Taking the Elementor Pro Plunge

Along with GeneratePress Premium. And er, OceanWP Premium. Look, I’m a little indecisive. It wasn’t that long ago after all, that I ran through the rigamarole of setting up OceanWP in what I thought was my liking.
More details below but the headline is: Changes ahoy again! And in fact, shortly after I publish this post, I’ll be flicking the site over into an out-of-the-box style of GeneratePress. Many of the plugins, hooks and Elementor previews for it require it to be the active theme to work with.

I think it’s worth calling out though, that OceanWP even in it’s free version is an amazing theme. The flexibility it offers beats the pants off some of the other highly recommended Elementor (free or pro) friendly themes like Neve or Astra.
OceanWP lets you modify which order the Elementor hooks show up in, or whether they show up at all.
So why change theme entirely, rather than customise further?
Good question.
The answer being that OceanWP — possibly as a result of just how much flexibility it offers, and possibly entirely down to some quirk of my own site — has a few issues that I couldn’t easily seem to override or fix.
None of them on their own were deal breaking, but in combination they’ve got to me enough to retrigger taking a look around at what else is out there.
Example? Well, if you were a mobile or tablet user (or even just narrowed the horizontal width enough on desktop) the responsive version of the menu had the error text ‘undefined’ sitting below the menu options.

I also didn’t much like the fact that the main archive page used the tagline in such a huge title font. But configuration of how that appeared was tied to archive titles more generally. I looked into playing around with a CSS override, but of course it uses the same class descriptors as well (which makes sense given the configuration tie-in).
There were are few other smaller bits and pieces too, but the long and the short of it is — I’d still recommend OceanWP to someone looking for a great out-of-the-box free theme that ties in to the WordPress customiser to a frankly amazing degree.
So if you’re switching OFF OceanWP, why buy the premium edition?
Another good question!
The answer lies pretty much 100% in the Elementor extensions it provides.
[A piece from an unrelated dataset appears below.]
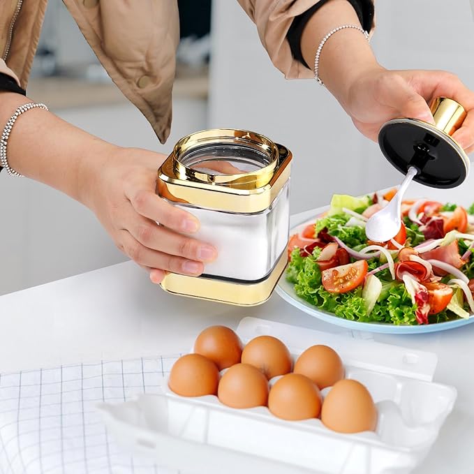 - Elegant Design: These salt and sugar container sets are covered with a bright gold color, which looks very exquisite, and adds a touch of elegance to your table. The high transparency of the glass bottle body allows you to see what is inside at a glance.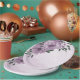 Unique wedding paper plate featuring romantic dusty purple flowers and green leaves.

I did enable a bunch of the theme specific plugins too, to see if I might be able to work with OceanWP around some of the bugs and issues noted above with them.
But nooope. Turned most of them off again almost straight away. I have no doubt they’re useful for certain WP powered websites. Just… not mine.
So with having discovered that, I’ll need to make an assessment on whether or not it’s worth paying for to keep these extensions updated beyond the year. My prediction is: Probably not. But guess we’ll come back and revisit that later. ;)
And Elementor? Why go Pro?
The ThemeBuilder power of it, primarily.
The free version of Elementor lets you design fantastic standalone pages, and a few other bits and bobs. But Elementor Pro lets you go in and fully redesign how things like the Archive pages are put together. Search pages. Individual blog page templates. Headers. Footers.
Things that were previously tied 100% into a theme and you had no means of customising (beyond what the Theme allowed you to) without diving into the code.
Jump to ~3m 30s if not interested in the grabbing and installing of the blank slate ‘Hello’ theme.
I had a bit of a play last night with a custom header. It’s an incredibly powerful tool, but one that I have a lot to learn about yet!
My first priority will be to configure what I can from GeneratePress alone, then it’ll be time to dive in here crack my knuckles a bit. :)
Final Note: None of this is necessary!
I just wanted to acknowledge this. Especially for any of our new joiners for Blaugust 2019.
As long as you’re not making your readers eyes bleed. As long as you’re not causing them strain by too small or too tightly packed text. As long as you’re not getting your readers lost on an unnavigable site…
Then all the rest of this is fluff. Don’t worry about it until you’re happy you’ve settled into a content creation rhythm which is comfortable for you. Or at all.
And if you do start poking around at custom themes and all that — there are plenty of utterly free options to look through first, including many of the ones I’ve mentioned today!